14.     Nightingale that sang in a tree  LIND (2 mngs.)  A nicely worded definition pair referring to a another name of the linden or lime tree, and to Jenny Lind, the 19c soprano known as the ‘Swedish nightingale’.

16.     One famously luckless where it’s easy to get lost in rolling hills  SHLIMAZEL (maze in anag.)  The solution is a Yiddish word that seems to have no ready equivalent in English, maybe because the British response to chronic bad luck would be “mustn’t grumble”.

29.     Sea dog, possibly, endlessly roguish  ARC (arc(h))  Another clever combination. It’s easy to assume that ARC must be an abbreviation for some sort of mariner and then suffer the frustration of not being able to trace it. Better to check the alternative meanings of ‘sea dog’, as one is an arc of light on a foggy horizon, also called a ‘fog-dog’.

34.     Merman e.g., tail to the fore, in river of legend  LETHE (E to end in Ethel)  Another nautical theme and another reference to a leading lady of yore, this time Ethel Merman, star of many 1930s Hollywood musical comedies. The river Lethe in Classical myth ran through Hades, and drinking from it induced forgetfulness.

35.     It’s not far to home with Shakespeare’s Kate around?  STONE’S-THROW (to nest in shrow)  Find the definition ‘It’s not far’ and the rest falls into place. ‘Shakespeare’s Kate’ is a slightly indirect way of indicating the Bard’s alternative spelling of ‘shrew’, the one he didn’t use in the play’s title.


8.       Male on bender (no women), not old? Fatal weakness includes one!  HEEL-BONE  (he elbo(w) ne)  A rather ungainly surface to combine all the components of the charade. Beware, as ever, ‘ne’ indicated by ‘not old’. The definition refers, of course, to Achilles’s heel.

9.       One coming out laces new dress tight – it produces slow motion  ENDLESS SCREW (anag. less a)  A few possibilities need to be checked (‘ace’ for ‘one’, ‘n’ for ‘new’) before the anagram material is verified.

25.     Fell over?

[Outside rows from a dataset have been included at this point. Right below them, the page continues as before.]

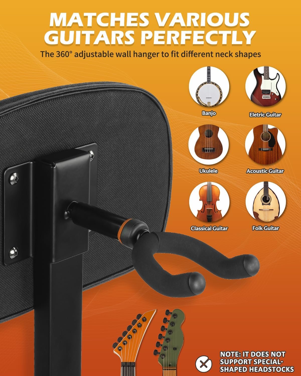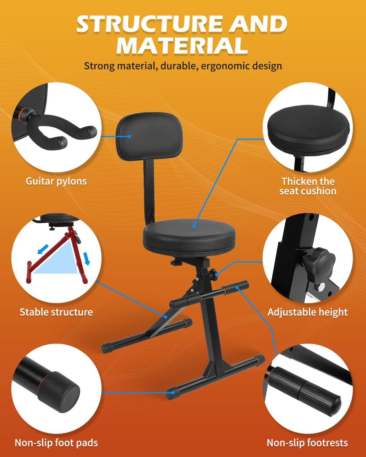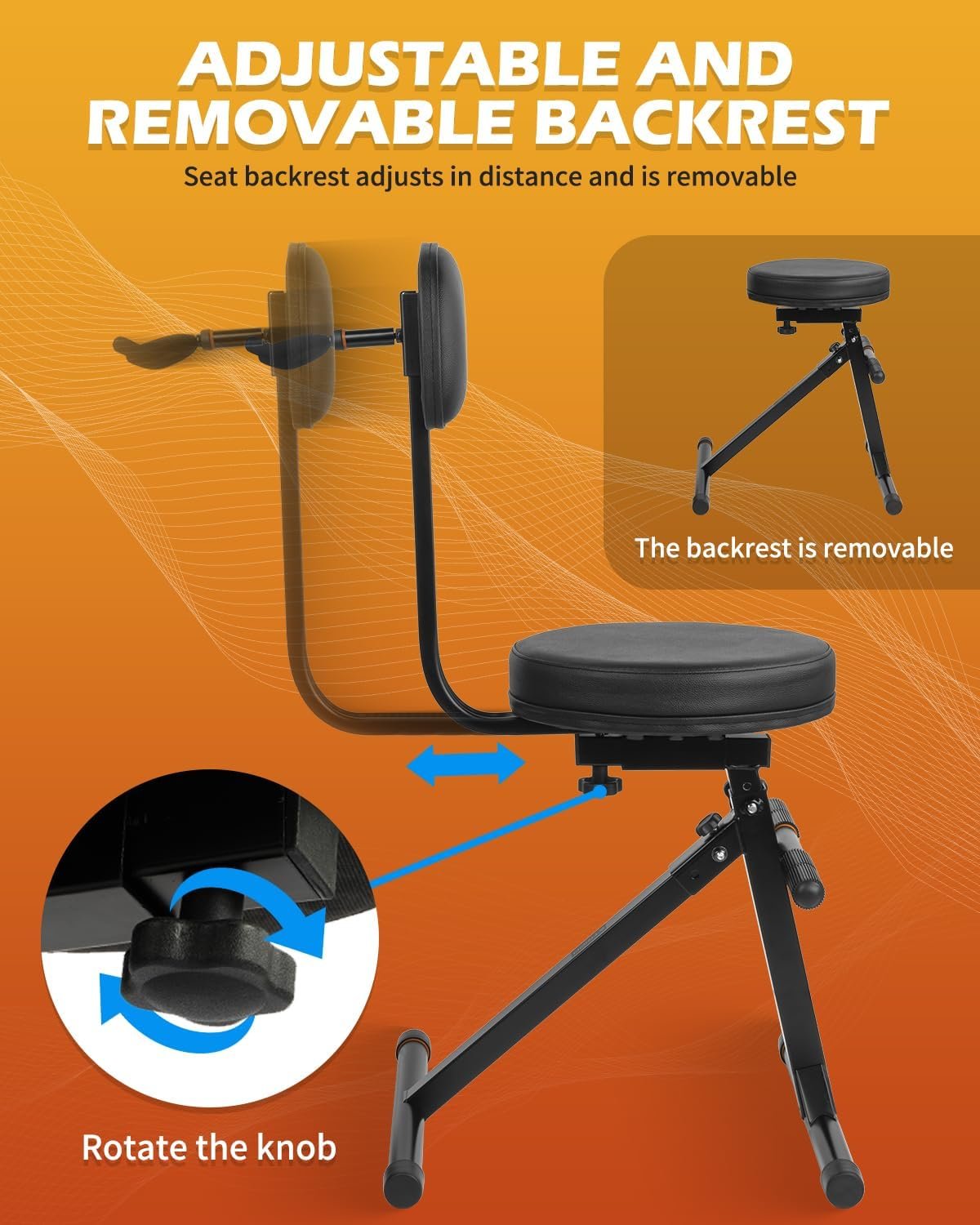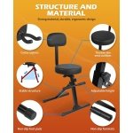 【Convenient and Mobile】The seat and backrest supports can be easily removed, and the main frame folds up for effortless transport and storage. Additionally, the backrest features a secure guitar hanger, designed to hold one instrument safely. Wrapped in soft material, this hanger protects your guitar, making it ideal for classical, acoustic, electric guitars, and basses.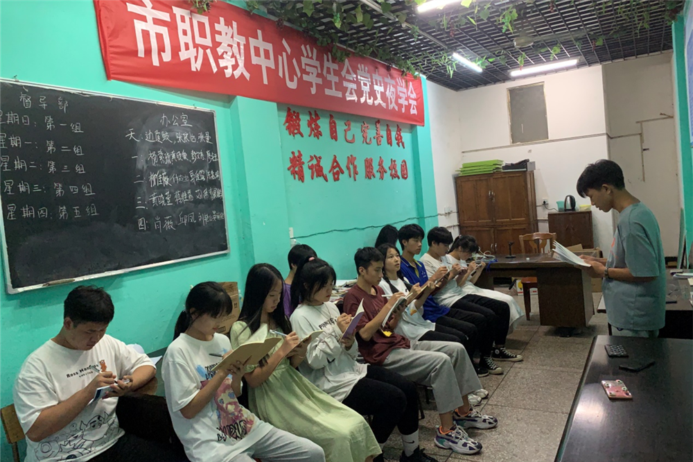 6月23日、24日晚,新余市职业教育中心学生会办公室灯火通明,学校学生会主席刘群带领学生会主席团成员开展“党史夜学”活动。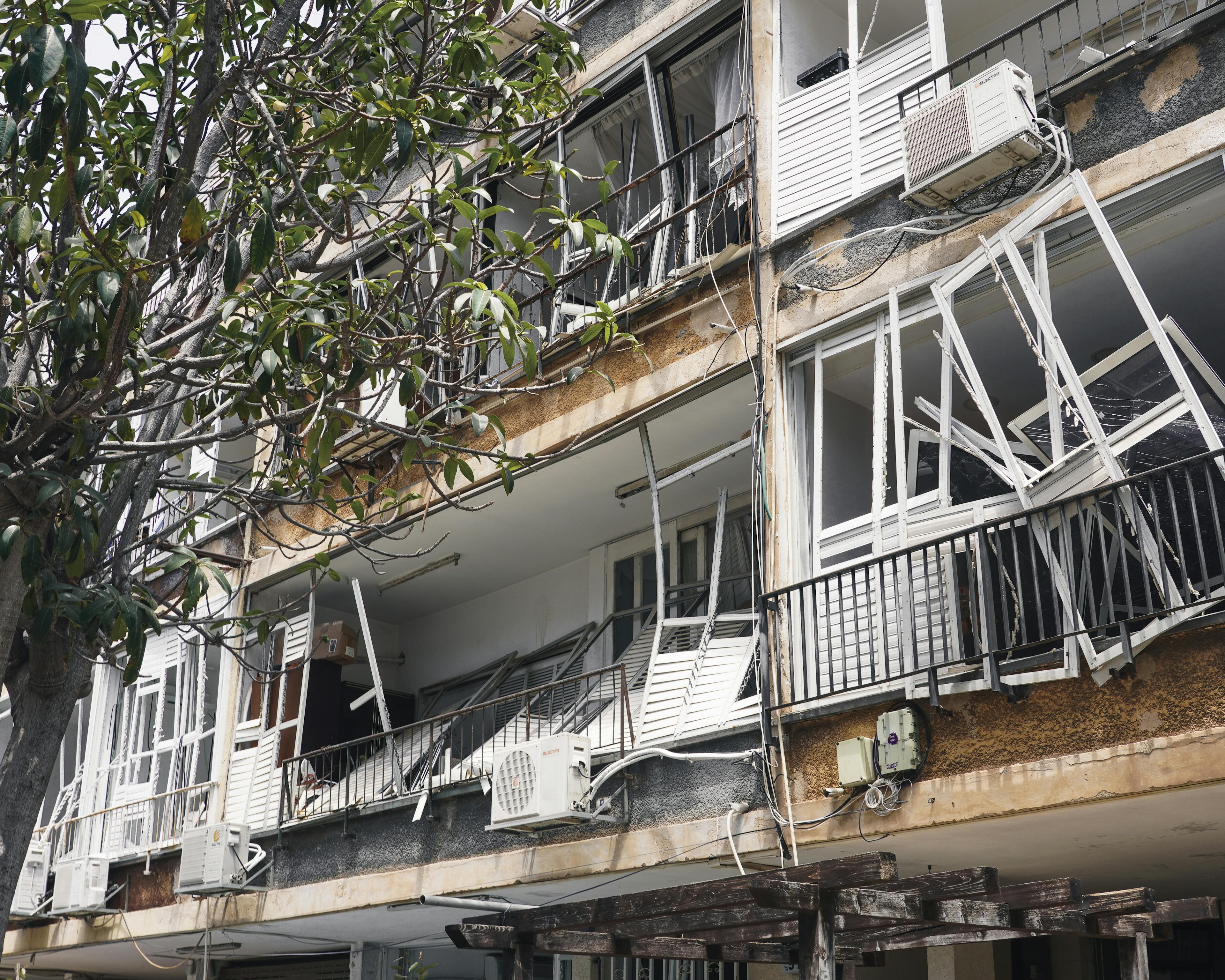 A third resident who returned home said: “We were in the safe room when there was a very loud boom. We saw chunks of plaster fall to the floor. We learned via the building’s WhatsApp group that our building had been hit and so was the parking lot nearby. Someone asked if everyone was okay. When they told us to evacuate, we barely managed to open the door. All the ceiling, hallway, and doors had collapsed and blocked the way. No windows, no doors, every room is ruined. We were fortunate to get into the safe room, because in the bedroom the window and the balcony door blew onto the bed. We left miraculously—but the house is destroyed. The only things we took with us were ourselves. I barely managed to grab my shoes and my bag.”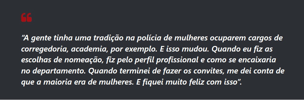 O convite para ser a delegada-geral veio no final de 2020. Para assumir o cargo, Heloísa lançou mão de determinação e coragem, pois sabe o tamanho da responsabilidade que carrega tanto como policial quanto como mulher.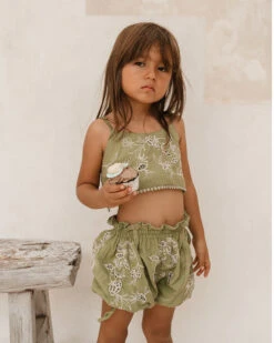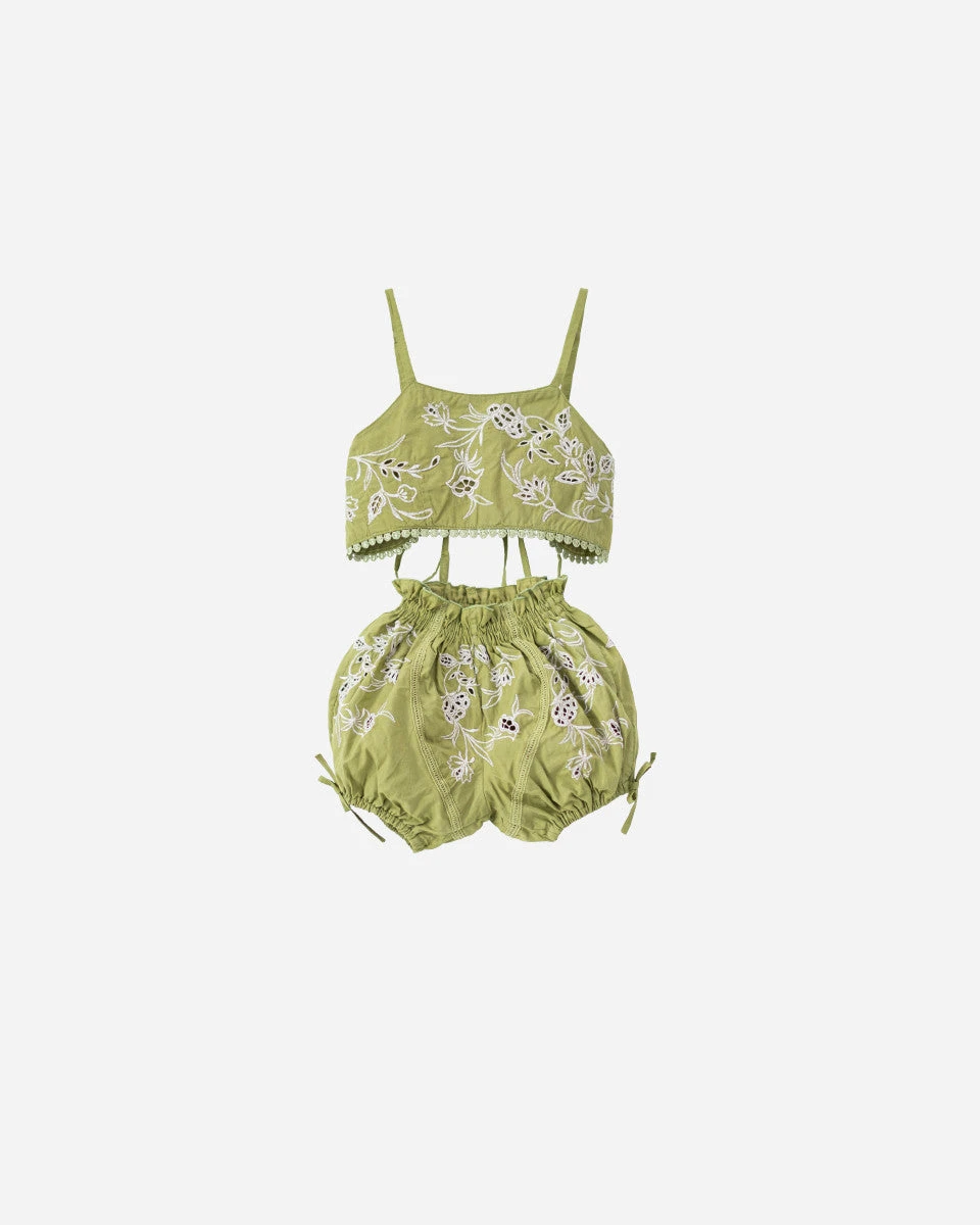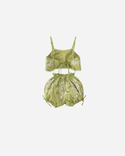 Surrender to the charm of this adorable tropical bikini sets. Embellished with an exquisite lace embroidery on its bikini top and bloomers, the piece will make a new style statement this summer.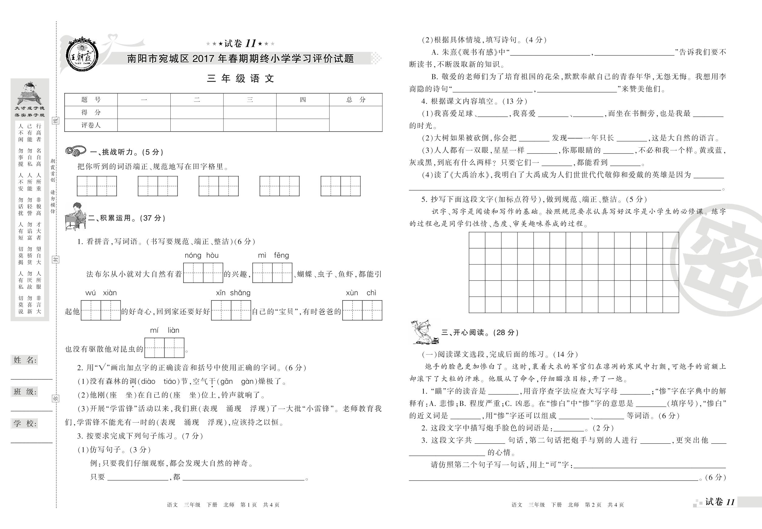 2016-2017学年第二学期南阳市宛城区三年级语文试卷(北师版)【11】

There’s a how-d’ye-do  HILLO (hill o)  A great choice  of words embellishes the surface of a straightforward charade.

30.     She paints numbers etc on cars  REGO (2 mngs.)  The third notable woman in this month’s puzzle is Paula Rego, the Portuguese artist who celebrated her 80th birthday this year. ‘Rego’, pronounced somewhat like Reggio, is also Aussie slang for a registration number.


Other solutions:

Across:  1. SPLASHPROOF (anag.);  12. OLDEN (hidden rev.);  13. BROIDER (I’d in anag. + R);   15. CAP (2 mngs.);  20. MOIMBO (anag.);  22. REVETS (v in steer, rev.);  23. MALKIN (mal kin);  24. ORMERS (RM in anag.);  28. TRAIL-BIKE (anag.);  31. TOLL (2 mngs.);   32. BLASTER (anag.);  33. EMULE (e + mule).

Down:  1. SUBCOMMITTEE (anag.);  2. PARÀ (2 mngs.);  3. LOOPHOLE (loo + H in pole);  4. SIDHA (anag.);  6. ROOMIER (Moor, rev. + anag.);  8. FENESTRA;  11. RISP (s in rip);  17. DIADROMS (anag. in dims);  18. PROFILES (pr. + anag.);  19. BEE-EATER (bee(f)eater);  21. BILLMEN (anag. in ben3);  26. SKATT (hidden);  27. NESH (s in hen, rev.).